**Task to complete**
Go through the listing below and write out exactly the lines from the one that mentions "Blue Grey Boy" through the one that mentions "TVRG Monza vs", minus the pictures.

══ Exercise inputs ══

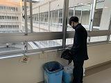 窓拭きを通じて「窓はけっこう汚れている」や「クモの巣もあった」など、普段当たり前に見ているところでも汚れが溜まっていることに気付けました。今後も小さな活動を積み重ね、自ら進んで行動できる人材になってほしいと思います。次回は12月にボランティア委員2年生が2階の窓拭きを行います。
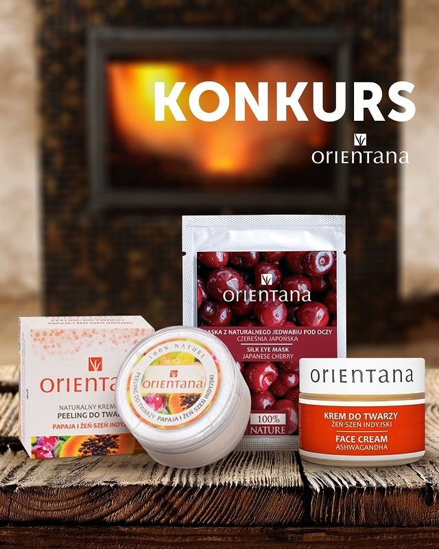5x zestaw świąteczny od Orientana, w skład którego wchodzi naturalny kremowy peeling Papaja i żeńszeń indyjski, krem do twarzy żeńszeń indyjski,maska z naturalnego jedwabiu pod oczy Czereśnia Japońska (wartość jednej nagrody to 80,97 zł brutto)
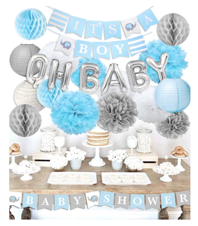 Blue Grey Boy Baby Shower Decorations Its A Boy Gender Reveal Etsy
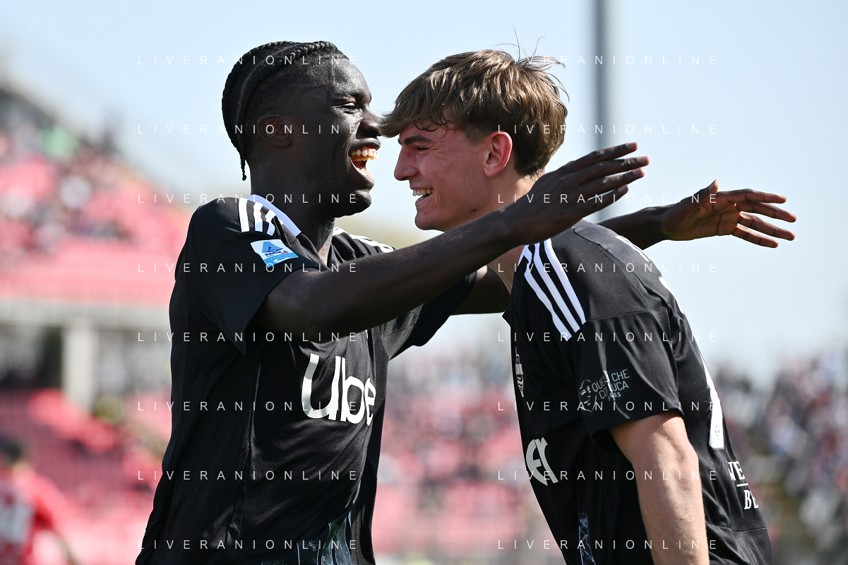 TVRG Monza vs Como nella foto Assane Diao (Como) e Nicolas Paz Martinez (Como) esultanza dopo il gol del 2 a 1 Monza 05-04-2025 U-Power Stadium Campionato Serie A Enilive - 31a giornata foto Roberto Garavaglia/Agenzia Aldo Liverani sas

═══
══ Exercise inputs ══

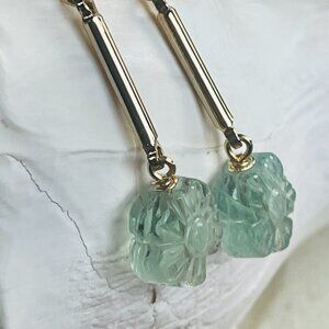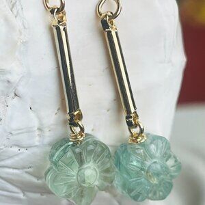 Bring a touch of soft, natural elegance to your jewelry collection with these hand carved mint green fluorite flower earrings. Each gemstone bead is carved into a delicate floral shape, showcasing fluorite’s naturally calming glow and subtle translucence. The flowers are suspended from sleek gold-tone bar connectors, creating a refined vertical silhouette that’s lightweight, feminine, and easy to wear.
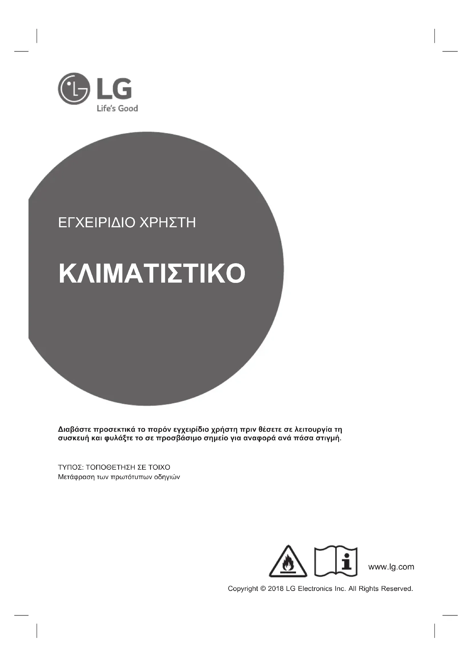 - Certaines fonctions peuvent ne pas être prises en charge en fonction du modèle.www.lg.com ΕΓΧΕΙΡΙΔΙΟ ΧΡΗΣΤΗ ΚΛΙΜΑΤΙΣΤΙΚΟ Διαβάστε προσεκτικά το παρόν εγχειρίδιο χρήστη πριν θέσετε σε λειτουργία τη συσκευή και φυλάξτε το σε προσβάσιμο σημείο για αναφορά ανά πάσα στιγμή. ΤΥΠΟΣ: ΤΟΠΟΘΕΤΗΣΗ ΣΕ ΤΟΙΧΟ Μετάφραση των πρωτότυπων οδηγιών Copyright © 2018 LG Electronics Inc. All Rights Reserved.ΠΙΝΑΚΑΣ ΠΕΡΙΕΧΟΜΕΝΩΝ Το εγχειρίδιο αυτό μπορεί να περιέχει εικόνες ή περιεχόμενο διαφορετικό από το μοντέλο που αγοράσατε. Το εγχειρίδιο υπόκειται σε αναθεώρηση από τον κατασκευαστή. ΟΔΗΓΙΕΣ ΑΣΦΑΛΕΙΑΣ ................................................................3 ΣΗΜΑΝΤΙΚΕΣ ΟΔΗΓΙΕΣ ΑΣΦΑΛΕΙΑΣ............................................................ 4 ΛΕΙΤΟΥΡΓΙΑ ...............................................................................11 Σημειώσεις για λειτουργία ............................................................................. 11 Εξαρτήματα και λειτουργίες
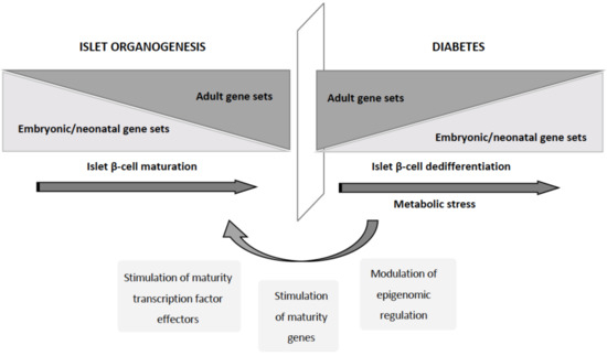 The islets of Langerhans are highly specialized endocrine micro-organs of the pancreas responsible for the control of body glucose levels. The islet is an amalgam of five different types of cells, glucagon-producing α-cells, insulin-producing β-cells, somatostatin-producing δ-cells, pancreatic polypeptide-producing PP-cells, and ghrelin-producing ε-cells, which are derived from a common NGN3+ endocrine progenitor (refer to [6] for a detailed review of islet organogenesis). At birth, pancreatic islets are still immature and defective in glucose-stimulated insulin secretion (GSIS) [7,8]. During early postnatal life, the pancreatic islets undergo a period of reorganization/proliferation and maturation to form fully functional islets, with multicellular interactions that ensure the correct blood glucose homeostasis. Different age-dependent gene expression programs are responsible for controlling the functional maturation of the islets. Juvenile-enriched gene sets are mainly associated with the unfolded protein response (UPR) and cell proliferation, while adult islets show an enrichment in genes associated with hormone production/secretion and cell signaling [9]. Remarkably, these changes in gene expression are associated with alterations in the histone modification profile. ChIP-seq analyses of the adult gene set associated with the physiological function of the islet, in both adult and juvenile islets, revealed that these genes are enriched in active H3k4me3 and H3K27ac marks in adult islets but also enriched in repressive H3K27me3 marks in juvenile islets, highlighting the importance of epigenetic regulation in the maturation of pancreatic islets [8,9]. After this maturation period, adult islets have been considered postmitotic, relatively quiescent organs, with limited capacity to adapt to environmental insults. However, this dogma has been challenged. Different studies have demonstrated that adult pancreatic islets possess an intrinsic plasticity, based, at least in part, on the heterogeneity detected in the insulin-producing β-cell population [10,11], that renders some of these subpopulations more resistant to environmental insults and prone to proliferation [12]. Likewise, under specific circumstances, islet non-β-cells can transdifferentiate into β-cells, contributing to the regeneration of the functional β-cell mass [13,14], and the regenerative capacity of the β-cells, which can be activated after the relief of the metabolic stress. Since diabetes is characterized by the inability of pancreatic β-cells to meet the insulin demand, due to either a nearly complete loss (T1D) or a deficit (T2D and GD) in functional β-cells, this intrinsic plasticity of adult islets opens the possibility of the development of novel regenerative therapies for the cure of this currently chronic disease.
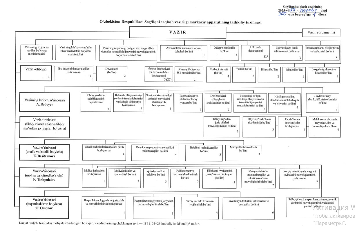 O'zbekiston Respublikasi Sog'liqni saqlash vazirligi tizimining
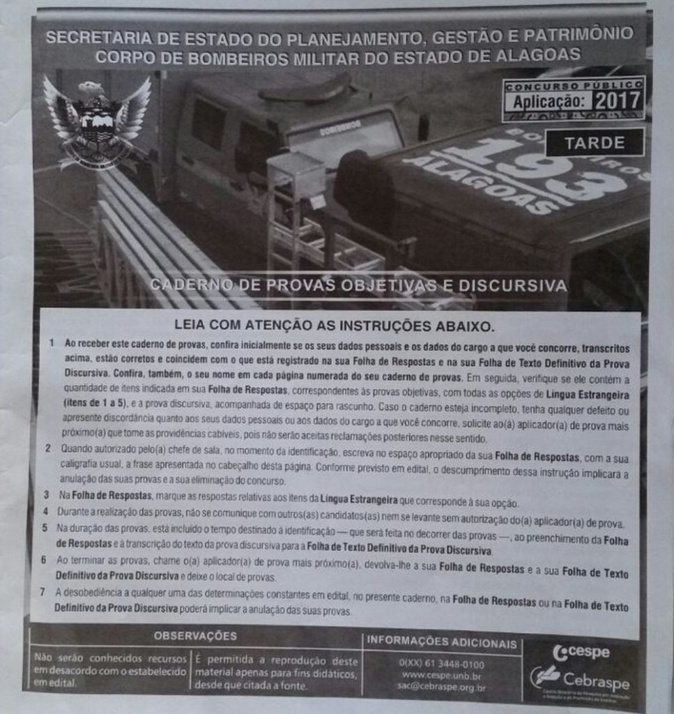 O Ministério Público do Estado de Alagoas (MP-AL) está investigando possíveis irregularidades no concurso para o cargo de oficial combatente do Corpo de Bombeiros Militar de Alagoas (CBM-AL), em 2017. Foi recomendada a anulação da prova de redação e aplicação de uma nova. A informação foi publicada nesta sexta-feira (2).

═══

**Solution to the exercise**
 Blue Grey Boy Baby Shower Decorations Its A Boy Gender Reveal Etsy
 TVRG Monza vs Como nella foto Assane Diao (Como) e Nicolas Paz Martinez (Como) esultanza dopo il gol del 2 a 1 Monza 05-04-2025 U-Power Stadium Campionato Serie A Enilive - 31a giornata foto Roberto Garavaglia/Agenzia Aldo Liverani sas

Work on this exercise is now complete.